WHAT TO DO –
Set down the data below in full and exactly, minus the pictures.

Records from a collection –
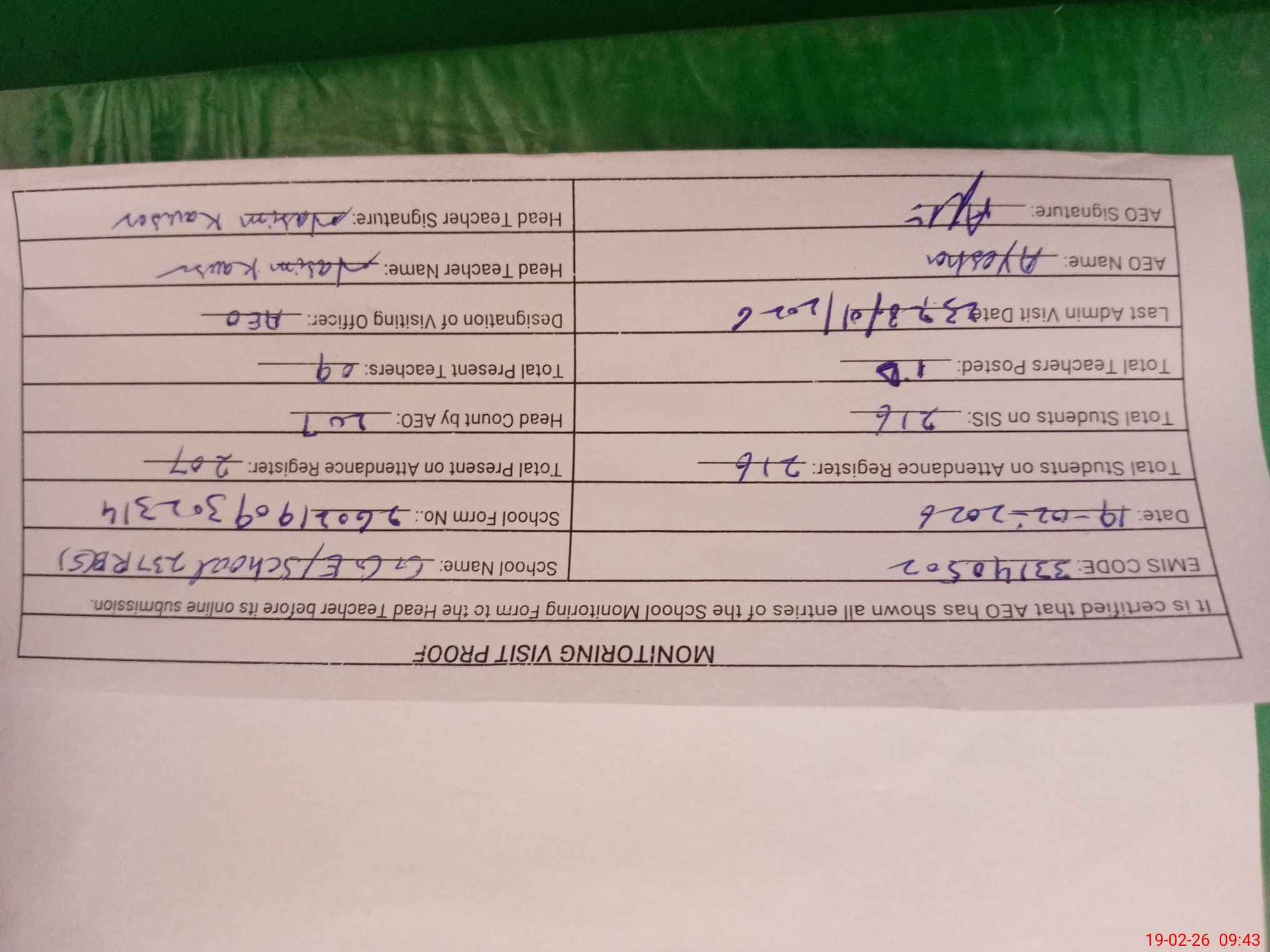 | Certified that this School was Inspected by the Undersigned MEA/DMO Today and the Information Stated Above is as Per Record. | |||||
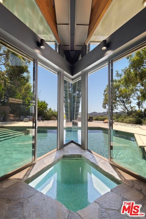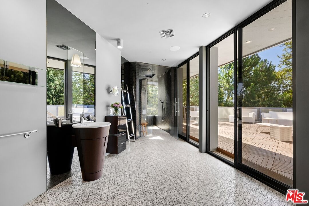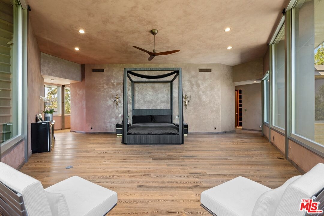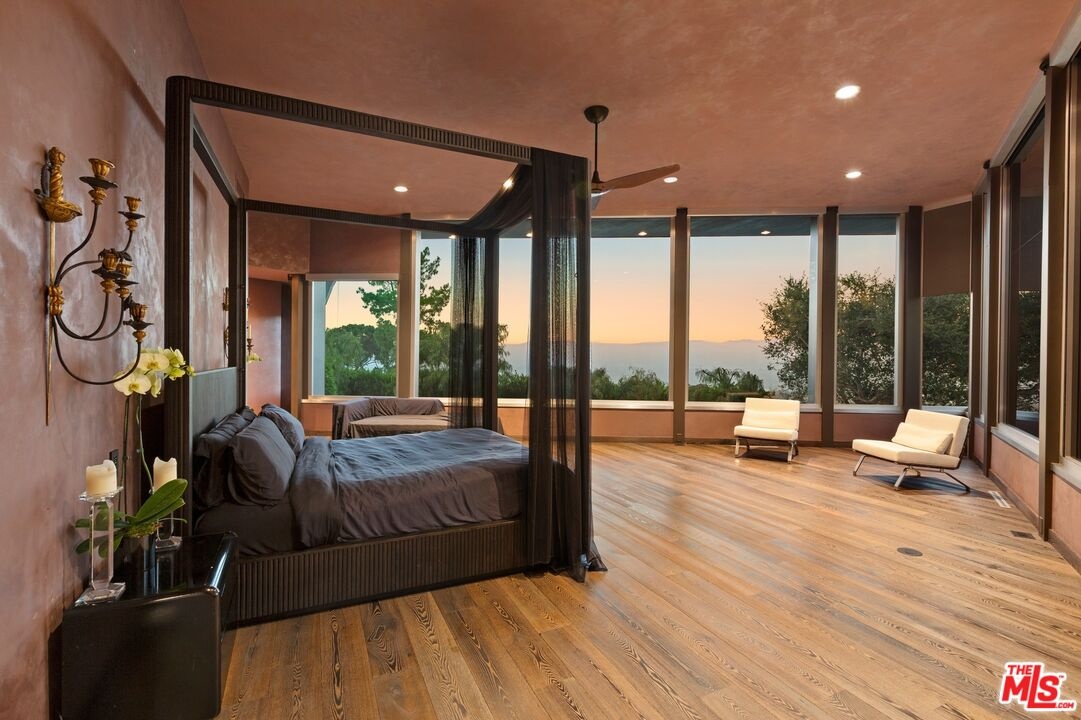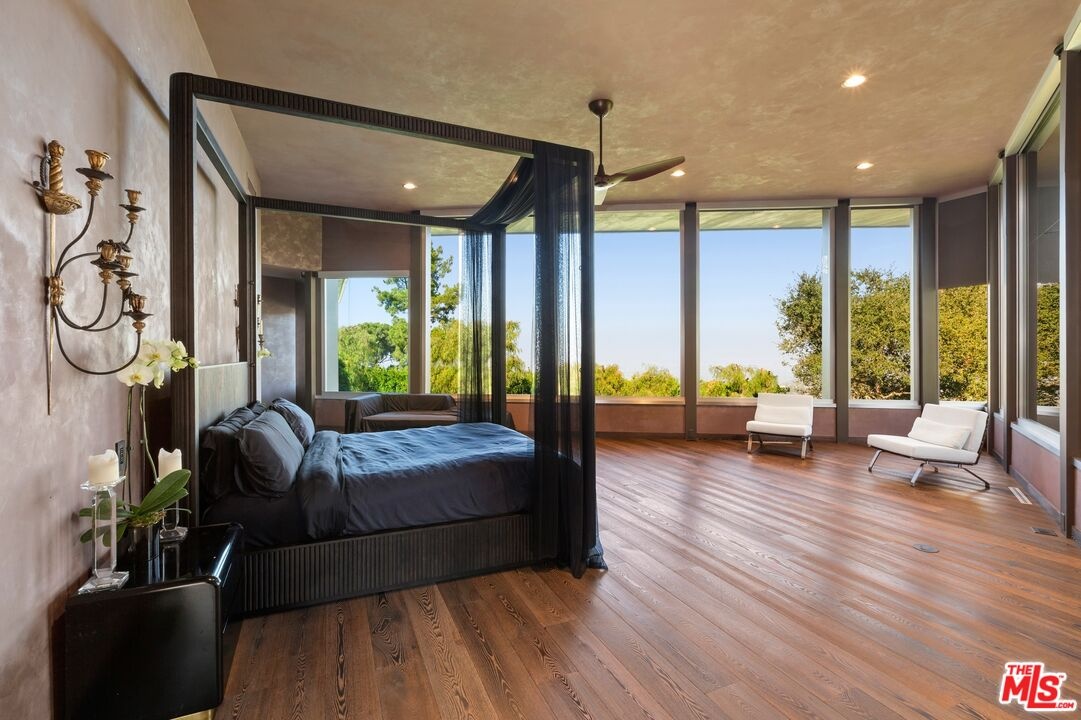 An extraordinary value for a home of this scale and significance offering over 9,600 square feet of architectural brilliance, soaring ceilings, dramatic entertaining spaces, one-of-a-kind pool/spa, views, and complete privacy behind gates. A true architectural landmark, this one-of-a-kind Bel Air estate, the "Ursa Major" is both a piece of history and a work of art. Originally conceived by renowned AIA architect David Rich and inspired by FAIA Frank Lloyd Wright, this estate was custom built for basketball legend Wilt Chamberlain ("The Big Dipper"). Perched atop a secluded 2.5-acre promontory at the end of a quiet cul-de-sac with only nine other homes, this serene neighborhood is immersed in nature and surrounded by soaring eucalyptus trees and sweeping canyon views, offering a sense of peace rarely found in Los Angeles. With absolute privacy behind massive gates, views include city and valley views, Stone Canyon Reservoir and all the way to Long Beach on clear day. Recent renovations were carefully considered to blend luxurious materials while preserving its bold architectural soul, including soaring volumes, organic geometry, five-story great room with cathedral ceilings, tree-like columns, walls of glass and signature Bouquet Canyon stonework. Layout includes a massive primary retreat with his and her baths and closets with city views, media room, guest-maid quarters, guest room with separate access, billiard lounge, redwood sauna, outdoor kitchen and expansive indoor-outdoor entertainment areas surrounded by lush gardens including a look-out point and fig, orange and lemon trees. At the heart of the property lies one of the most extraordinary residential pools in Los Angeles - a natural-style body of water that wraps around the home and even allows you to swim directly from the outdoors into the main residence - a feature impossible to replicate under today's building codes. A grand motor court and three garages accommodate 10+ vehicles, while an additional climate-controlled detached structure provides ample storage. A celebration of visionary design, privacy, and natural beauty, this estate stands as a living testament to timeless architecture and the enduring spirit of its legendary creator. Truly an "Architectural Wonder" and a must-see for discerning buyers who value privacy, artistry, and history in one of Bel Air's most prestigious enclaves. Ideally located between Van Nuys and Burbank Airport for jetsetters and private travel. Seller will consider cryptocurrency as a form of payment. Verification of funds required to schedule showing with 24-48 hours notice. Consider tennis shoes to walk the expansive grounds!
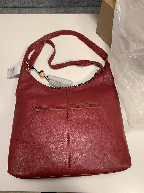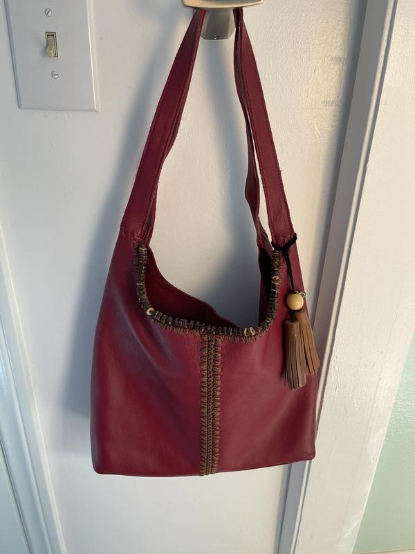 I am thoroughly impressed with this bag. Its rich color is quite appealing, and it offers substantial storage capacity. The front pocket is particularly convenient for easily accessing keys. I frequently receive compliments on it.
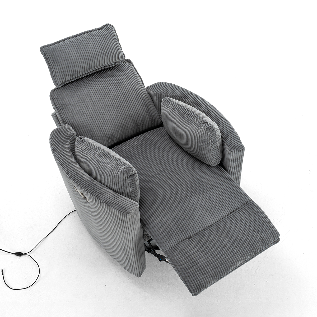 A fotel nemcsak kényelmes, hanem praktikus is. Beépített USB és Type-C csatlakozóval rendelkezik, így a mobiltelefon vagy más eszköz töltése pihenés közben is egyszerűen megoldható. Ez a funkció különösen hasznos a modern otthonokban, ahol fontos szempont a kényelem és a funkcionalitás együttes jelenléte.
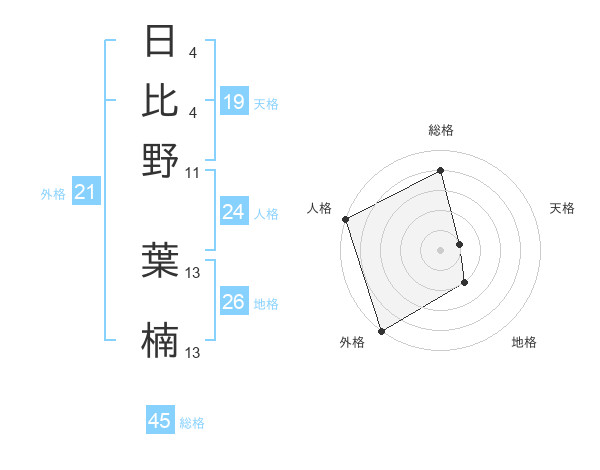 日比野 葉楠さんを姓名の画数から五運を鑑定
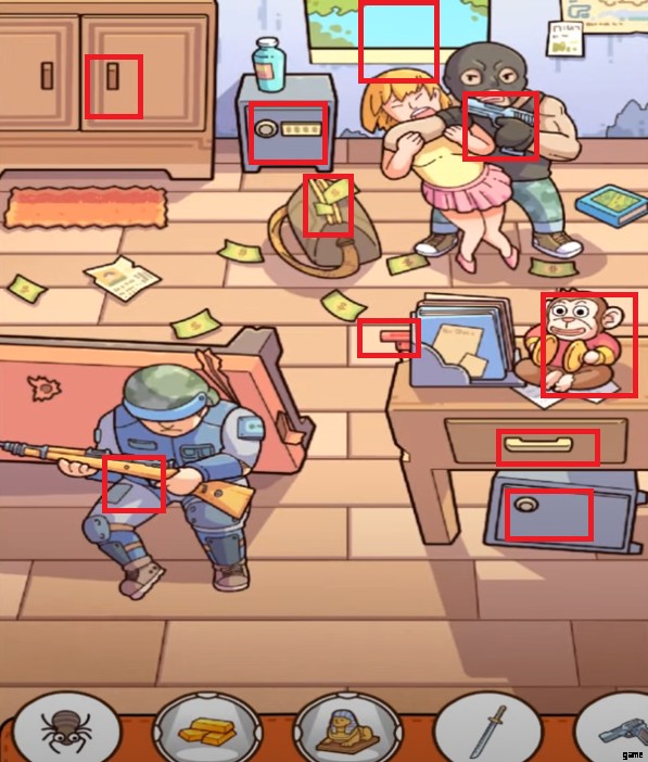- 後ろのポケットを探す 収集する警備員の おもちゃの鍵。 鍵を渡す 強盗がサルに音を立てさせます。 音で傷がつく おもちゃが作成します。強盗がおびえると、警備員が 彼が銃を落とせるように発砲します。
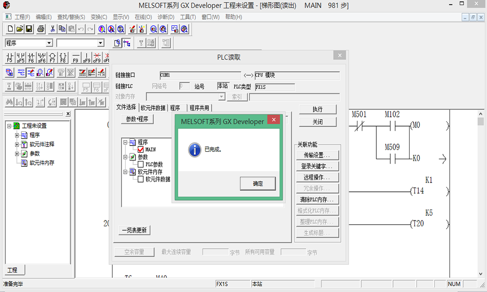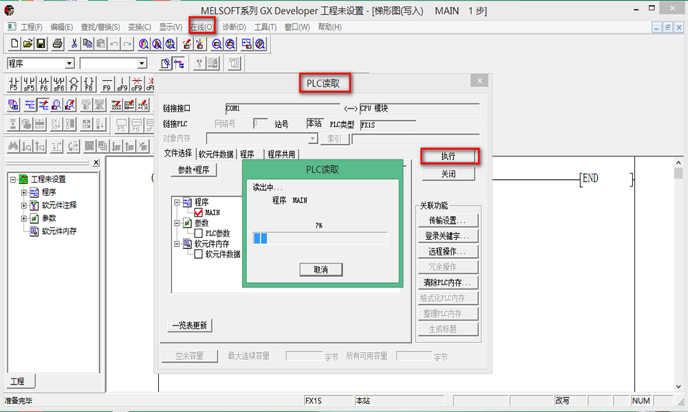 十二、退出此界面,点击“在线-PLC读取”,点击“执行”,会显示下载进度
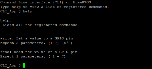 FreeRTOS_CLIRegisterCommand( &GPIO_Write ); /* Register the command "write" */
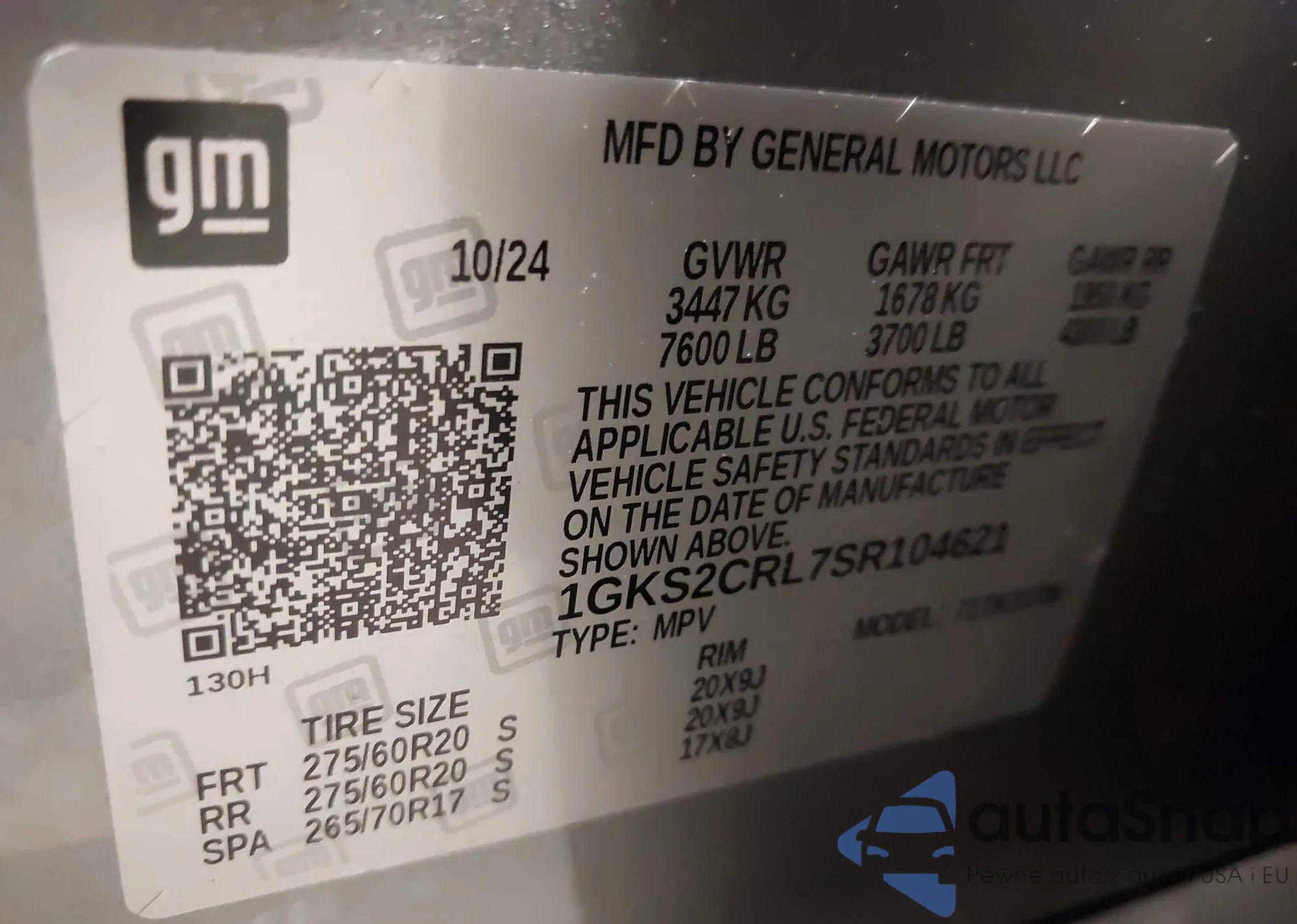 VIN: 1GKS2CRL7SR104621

EXERCISE RESPONSE –
 | Certified that this School was Inspected by the Undersigned MEA/DMO Today and the Information Stated Above is as Per Record. | |||||
 An extraordinary value for a home of this scale and significance offering over 9,600 square feet of architectural brilliance, soaring ceilings, dramatic entertaining spaces, one-of-a-kind pool/spa, views, and complete privacy behind gates. A true architectural landmark, this one-of-a-kind Bel Air estate, the "Ursa Major" is both a piece of history and a work of art. Originally conceived by renowned AIA architect David Rich and inspired by FAIA Frank Lloyd Wright, this estate was custom built for basketball legend Wilt Chamberlain ("The Big Dipper"). Perched atop a secluded 2.5-acre promontory at the end of a quiet cul-de-sac with only nine other homes, this serene neighborhood is immersed in nature and surrounded by soaring eucalyptus trees and sweeping canyon views, offering a sense of peace rarely found in Los Angeles. With absolute privacy behind massive gates, views include city and valley views, Stone Canyon Reservoir and all the way to Long Beach on clear day. Recent renovations were carefully considered to blend luxurious materials while preserving its bold architectural soul, including soaring volumes, organic geometry, five-story great room with cathedral ceilings, tree-like columns, walls of glass and signature Bouquet Canyon stonework. Layout includes a massive primary retreat with his and her baths and closets with city views, media room, guest-maid quarters, guest room with separate access, billiard lounge, redwood sauna, outdoor kitchen and expansive indoor-outdoor entertainment areas surrounded by lush gardens including a look-out point and fig, orange and lemon trees. At the heart of the property lies one of the most extraordinary residential pools in Los Angeles - a natural-style body of water that wraps around the home and even allows you to swim directly from the outdoors into the main residence - a feature impossible to replicate under today's building codes. A grand motor court and three garages accommodate 10+ vehicles, while an additional climate-controlled detached structure provides ample storage. A celebration of visionary design, privacy, and natural beauty, this estate stands as a living testament to timeless architecture and the enduring spirit of its legendary creator. Truly an "Architectural Wonder" and a must-see for discerning buyers who value privacy, artistry, and history in one of Bel Air's most prestigious enclaves. Ideally located between Van Nuys and Burbank Airport for jetsetters and private travel. Seller will consider cryptocurrency as a form of payment. Verification of funds required to schedule showing with 24-48 hours notice. Consider tennis shoes to walk the expansive grounds!
 I am thoroughly impressed with this bag. Its rich color is quite appealing, and it offers substantial storage capacity. The front pocket is particularly convenient for easily accessing keys. I frequently receive compliments on it.
 A fotel nemcsak kényelmes, hanem praktikus is. Beépített USB és Type-C csatlakozóval rendelkezik, így a mobiltelefon vagy más eszköz töltése pihenés közben is egyszerűen megoldható. Ez a funkció különösen hasznos a modern otthonokban, ahol fontos szempont a kényelem és a funkcionalitás együttes jelenléte.
 日比野 葉楠さんを姓名の画数から五運を鑑定
- 後ろのポケットを探す 収集する警備員の おもちゃの鍵。 鍵を渡す 強盗がサルに音を立てさせます。 音で傷がつく おもちゃが作成します。強盗がおびえると、警備員が 彼が銃を落とせるように発砲します。
 十二、退出此界面,点击“在线-PLC读取”,点击“执行”,会显示下载进度
 FreeRTOS_CLIRegisterCommand( &GPIO_Write ); /* Register the command "write" */
 VIN: 1GKS2CRL7SR104621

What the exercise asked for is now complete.